Stored data:
****************

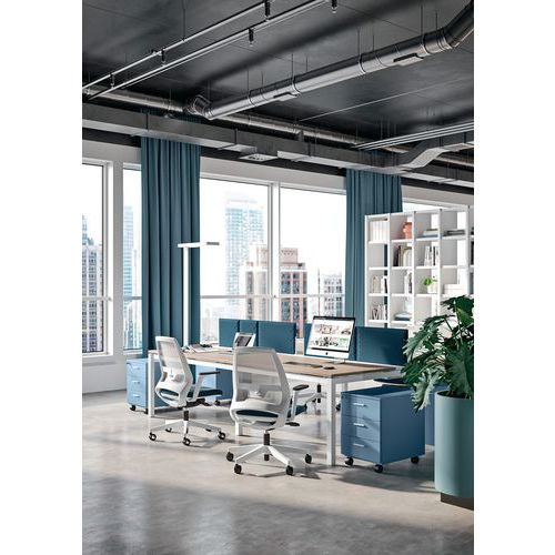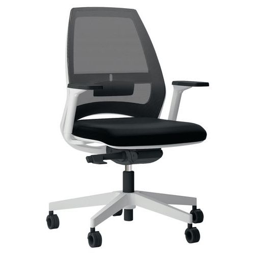 Fauteuil Oxygen dossier résille accoudoirs et piètement blanc
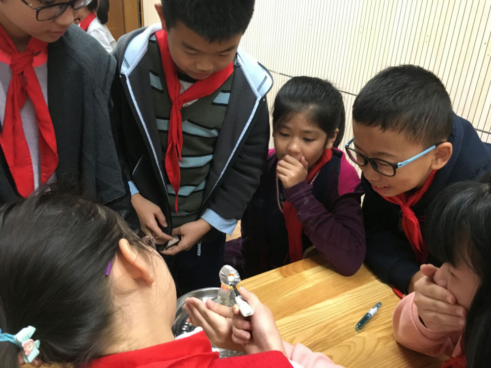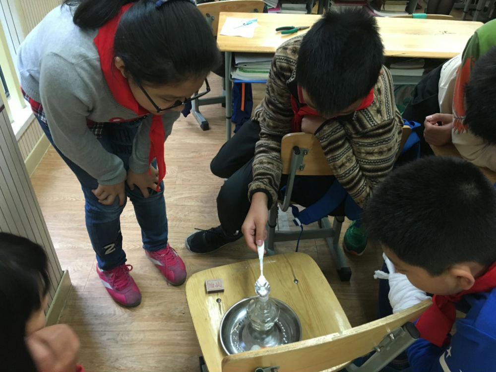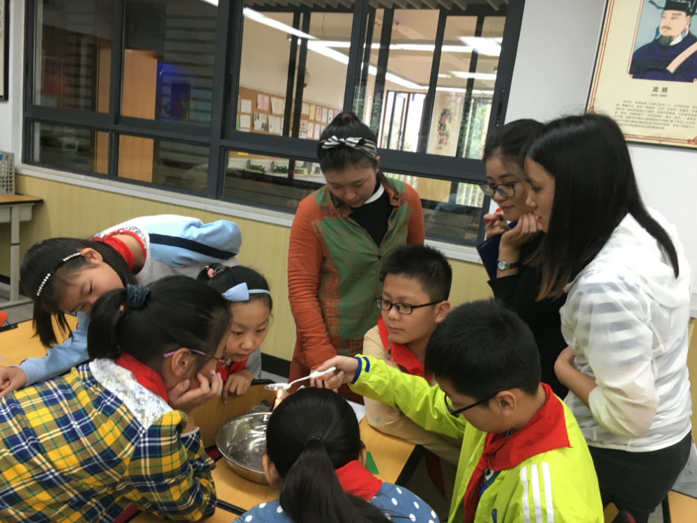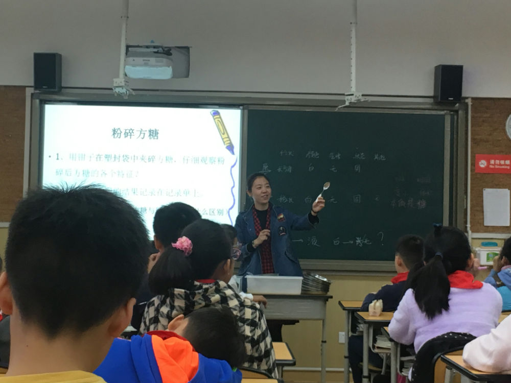 整个十月,游轻寒老师经过多轮的磨课,虚心听取专家的意见,主动向同事问不足,不断改进,不断提升。实验材料由冰糖变成方糖,在勺子上包裹锡纸来延长器具的寿命……每一个细节都考虑周全,每一句引语都反复斟酌。在这样孜孜不倦的探索中,成就了这一节引人入胜的展示课程。
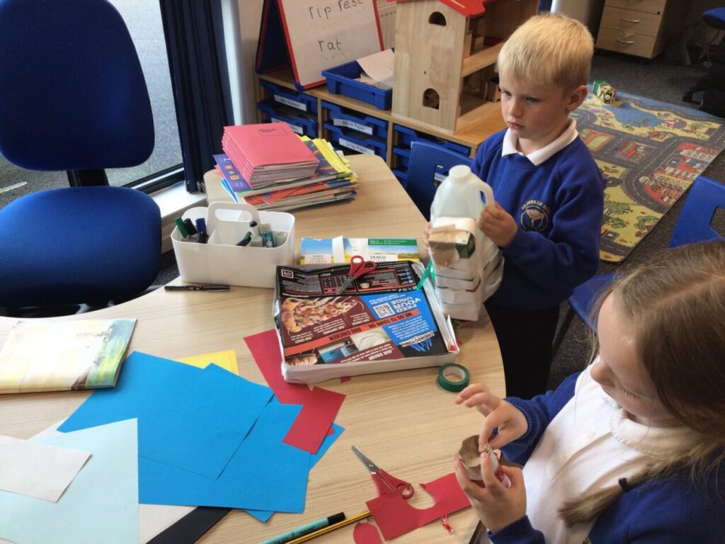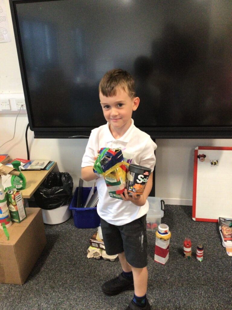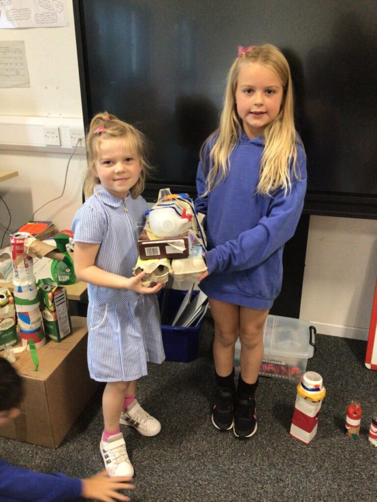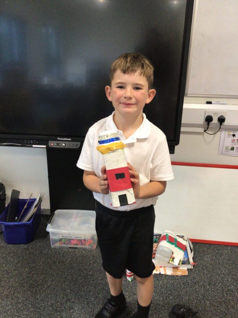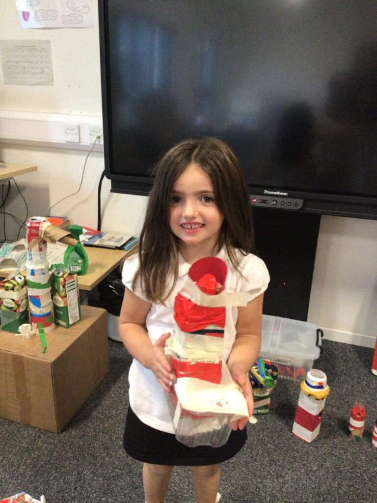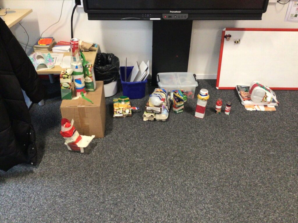 We made lighthouses and cottages using recycled rubbish. We also used tape and coloured paper to put it together. I used a milk carton, ice cream boxes and egg cartons for my one. – Bessie

****************

Task instructions:
The data must be repeated exactly. Any pictures in it are to be left out.

Answer section:
 Fauteuil Oxygen dossier résille accoudoirs et piètement blanc
 整个十月,游轻寒老师经过多轮的磨课,虚心听取专家的意见,主动向同事问不足,不断改进,不断提升。实验材料由冰糖变成方糖,在勺子上包裹锡纸来延长器具的寿命……每一个细节都考虑周全,每一句引语都反复斟酌。在这样孜孜不倦的探索中,成就了这一节引人入胜的展示课程。
 We made lighthouses and cottages using recycled rubbish. We also used tape and coloured paper to put it together. I used a milk carton, ice cream boxes and egg cartons for my one. – Bessie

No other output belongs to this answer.